## GIVEN MATERIAL
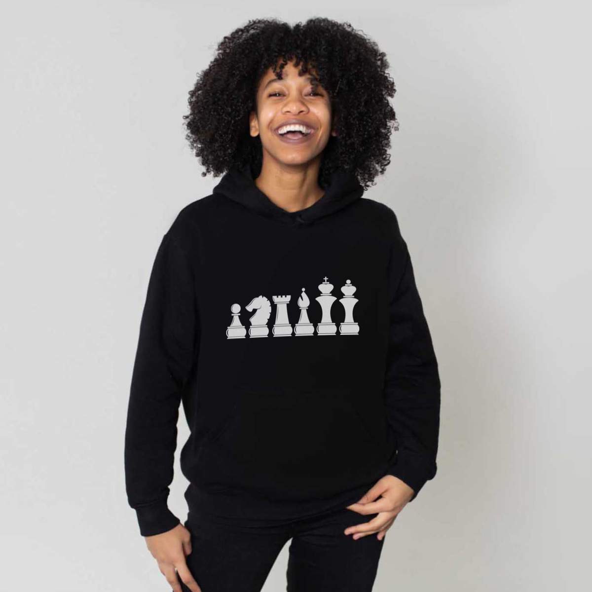 Small 'Chess Pieces' Adult Hoodie / Hooded Sweater / Jumper (Black) (HO00163749)
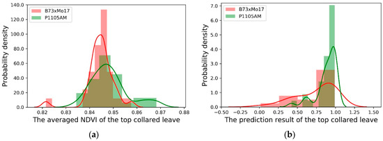 The probability density distribution (PDE) of top-collared leaves for different genotypes: B73xMo17 (red); P1105AM (green). (a) The PDE of the averaged NDVI. (b) The PDE of the prediction results from the Random Forest algorithm.
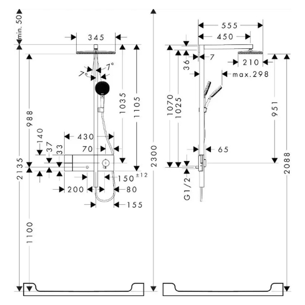 Capul de duș generos (210 x 340 mm) oferă o experiență de tip rain shower:

## TASK DIRECTIONS
Repeat the material verbatim. Do not carry over any picture.

## FINAL ANSWER
 Small 'Chess Pieces' Adult Hoodie / Hooded Sweater / Jumper (Black) (HO00163749)
 The probability density distribution (PDE) of top-collared leaves for different genotypes: B73xMo17 (red); P1105AM (green). (a) The PDE of the averaged NDVI. (b) The PDE of the prediction results from the Random Forest algorithm.
 Capul de duș generos (210 x 340 mm) oferă o experiență de tip rain shower:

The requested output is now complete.